╭──

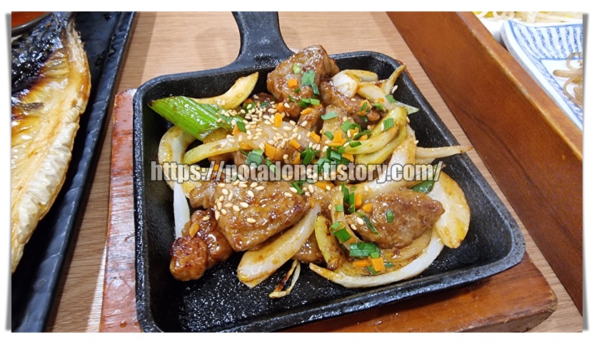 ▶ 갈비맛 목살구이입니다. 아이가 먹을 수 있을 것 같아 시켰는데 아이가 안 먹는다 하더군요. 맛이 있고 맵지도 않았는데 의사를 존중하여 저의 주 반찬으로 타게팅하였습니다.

╰──
╭──

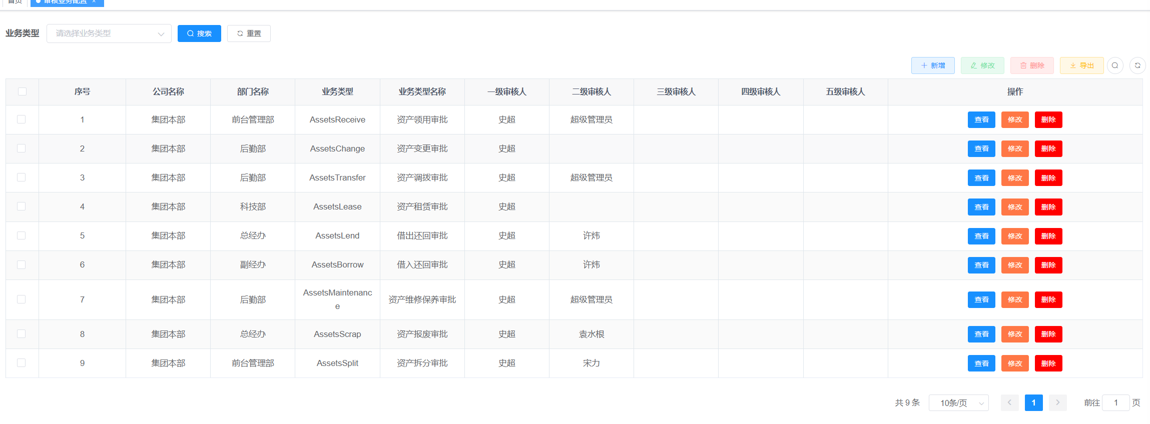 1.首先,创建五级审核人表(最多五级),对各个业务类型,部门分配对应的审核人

╰──
╭──

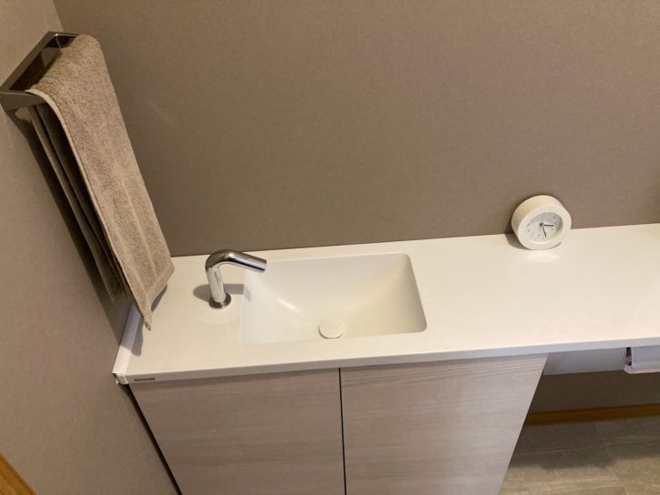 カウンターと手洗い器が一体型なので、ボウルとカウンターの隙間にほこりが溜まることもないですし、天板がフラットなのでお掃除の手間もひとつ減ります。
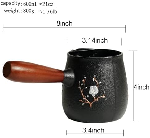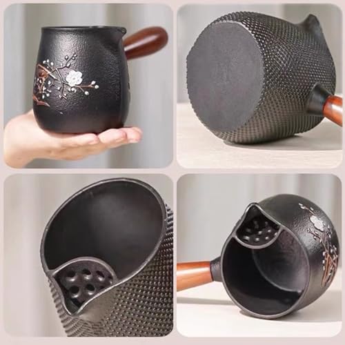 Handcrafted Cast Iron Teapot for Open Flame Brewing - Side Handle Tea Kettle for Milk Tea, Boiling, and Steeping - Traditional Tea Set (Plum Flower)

╰──

**Exercise directions:** Return exactly the lines above, from the one with "カウンターと手洗い器が一体型" up to and including the one with "Handcrafted Cast Iron", and include no pictures.

**Finished exercise:**
 カウンターと手洗い器が一体型なので、ボウルとカウンターの隙間にほこりが溜まることもないですし、天板がフラットなのでお掃除の手間もひとつ減ります。
 Handcrafted Cast Iron Teapot for Open Flame Brewing - Side Handle Tea Kettle for Milk Tea, Boiling, and Steeping - Traditional Tea Set (Plum Flower)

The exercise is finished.